■ **Materials provided**:
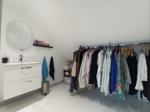 - Upstairs: a bright mezzanine, 3 beautiful bedrooms, 1 office, a bathroom with a recent shower and a toilet. One of the bedrooms has its own water point area with dressing room.
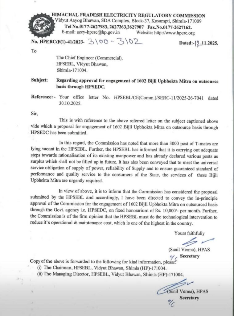 हिमाचल प्रदेश बिजली बोर्ड में उपभोक्ता सेवाओं को बेहतर बनाने के लिए 1602 विद्युत उपभोक्ता मित्रों की आउटसोर्स आधार पर भर्ती की जाएगी, जिसके लिए राज्य सरकार की एजेंसी हिमाचल प्रदेश स्टेट इलेक्ट्रॉनिक्स डेवलपमेंट कॉरपोरेशन प्रक्रिया पूरी करेगी।
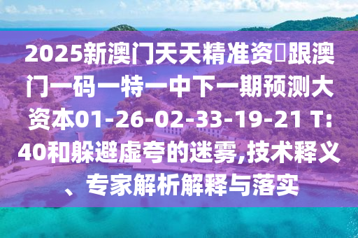 2025新澳門天天精準(zhǔn)資枓跟澳門一碼一特一中下一期預(yù)測大資本01-26-02-33-19-21 T:40和躲避虛夸的迷霧,技術(shù)釋義、專家解析解釋與落實(shí)
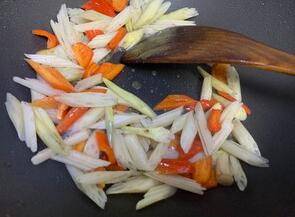 倒入调味汁,可根据个人口味,加少许盐或红糖。
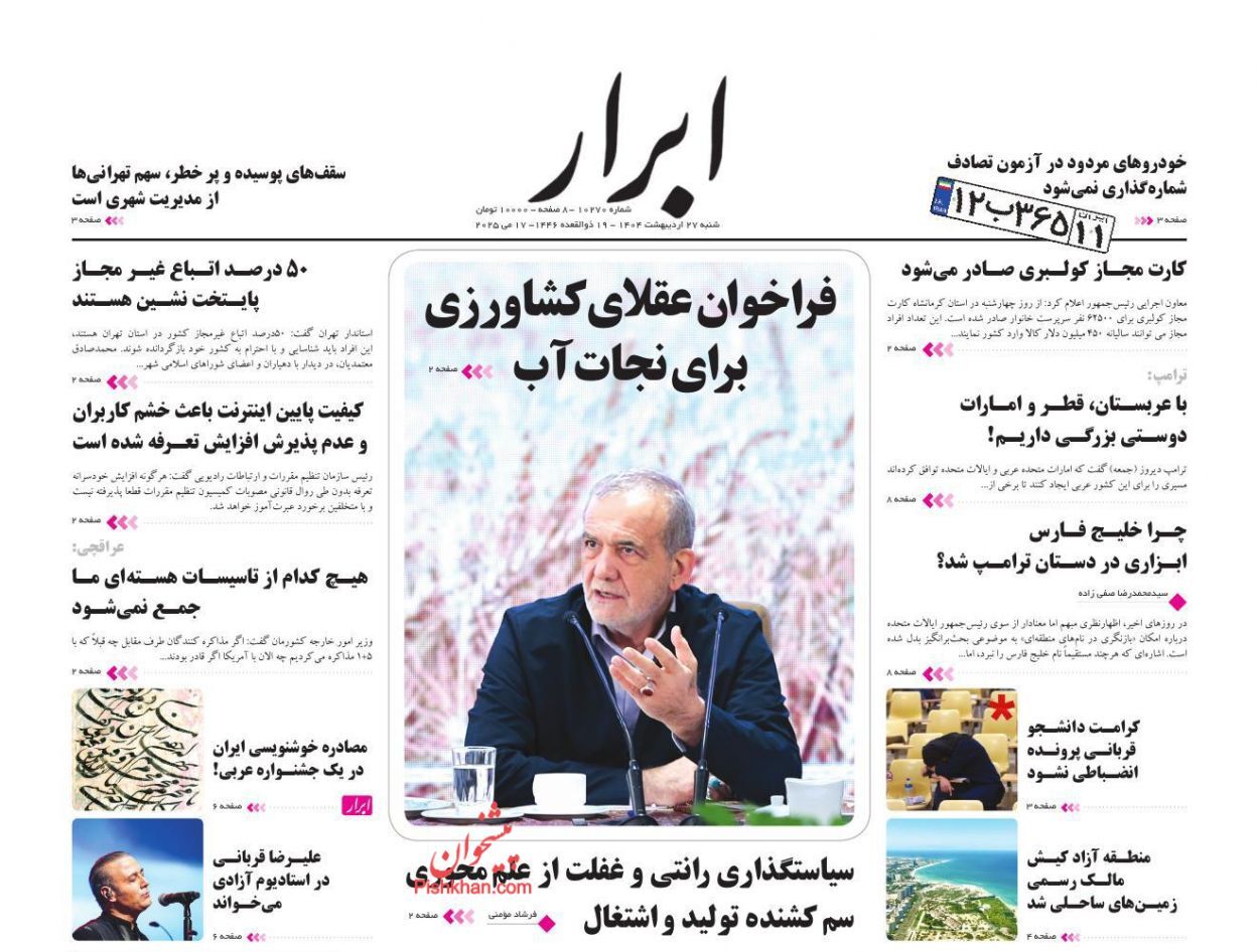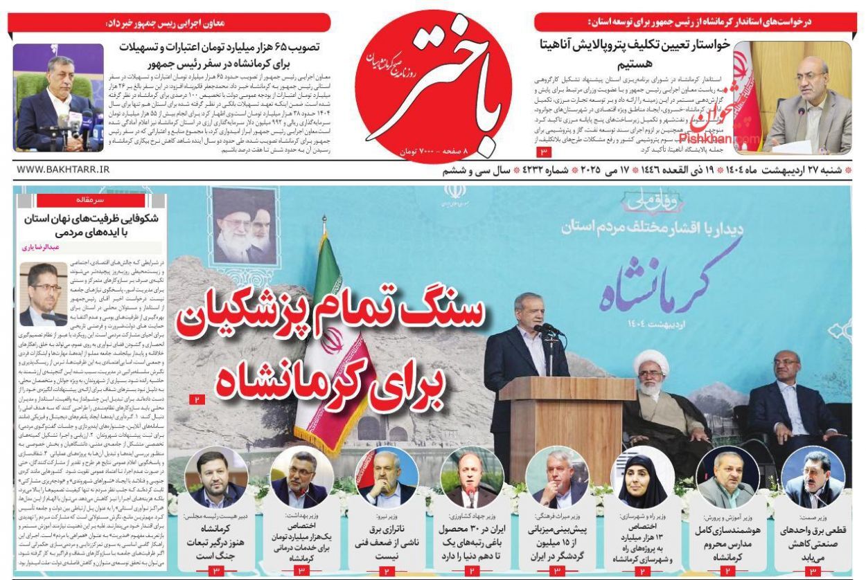 در ادامه عناوین روزنامه های شنبه ۲۷ ارديبهشت ۱۴۰۴ ر بخوانید.
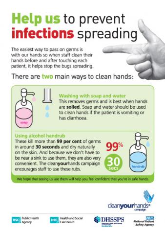 This leaflet is part of an extension of the cleanyourhands campaign, aimed at preventing the spread of healthcare associated infections (HCAIs) in community healthcare settings including primary care and dental services, residential and nursing homes (including independent sector homes), hospices and independent clinics/hospitals. It is designed to heighten awareness in patient/relative waiting areas of how healthcare staff can help protect patients from avoidable infections by cleaning their hands using proper techniques.
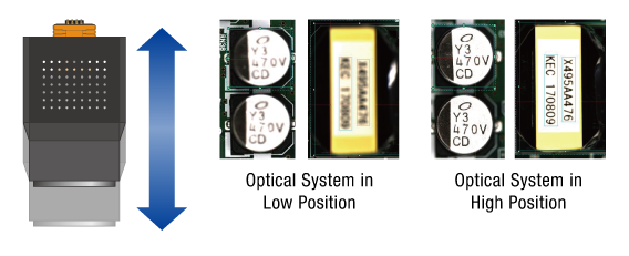 OCR Inspection for Tall Parts (Option)By installing Z-axis mechanism on the optical system, characters on the upper surface of tall parts can be recognized and inspected.
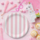 Assiettes En Carton Grilles Verticales Bébé Rose Et Blanc Gratté
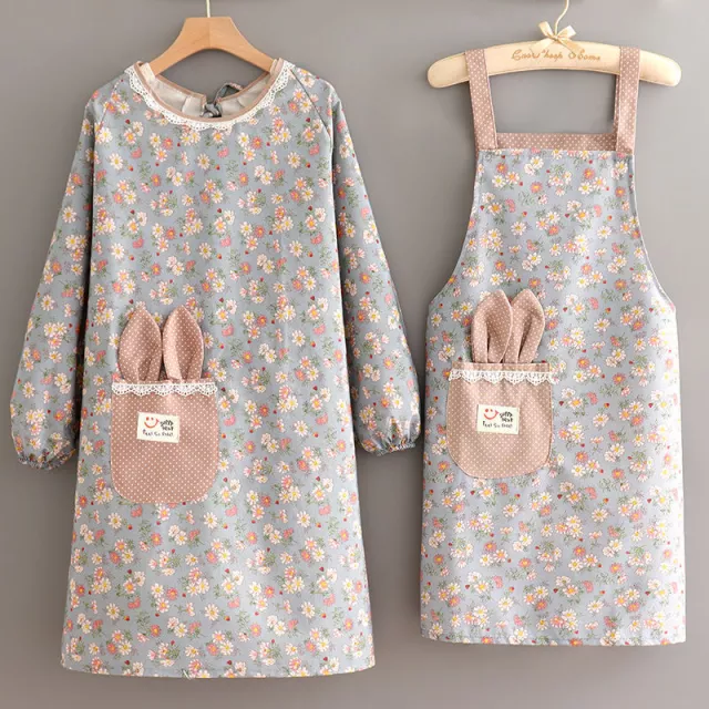 Floral Rabbit Cotton Apron – Oil-Proof, Wear-Resistant Kitchen Essential

■ **What you should do**: Please transcribe exactly the part of the records that opens with the line containing "हिमाचल प्रदेश बिजली" and closes with the line containing "در ادامه عناوین", both ends included, and leave out the pictures.

■ **Exercise response**:
 हिमाचल प्रदेश बिजली बोर्ड में उपभोक्ता सेवाओं को बेहतर बनाने के लिए 1602 विद्युत उपभोक्ता मित्रों की आउटसोर्स आधार पर भर्ती की जाएगी, जिसके लिए राज्य सरकार की एजेंसी हिमाचल प्रदेश स्टेट इलेक्ट्रॉनिक्स डेवलपमेंट कॉरपोरेशन प्रक्रिया पूरी करेगी।
 2025新澳門天天精準(zhǔn)資枓跟澳門一碼一特一中下一期預(yù)測大資本01-26-02-33-19-21 T:40和躲避虛夸的迷霧,技術(shù)釋義、專家解析解釋與落實(shí)
 倒入调味汁,可根据个人口味,加少许盐或红糖。
 در ادامه عناوین روزنامه های شنبه ۲۷ ارديبهشت ۱۴۰۴ ر بخوانید.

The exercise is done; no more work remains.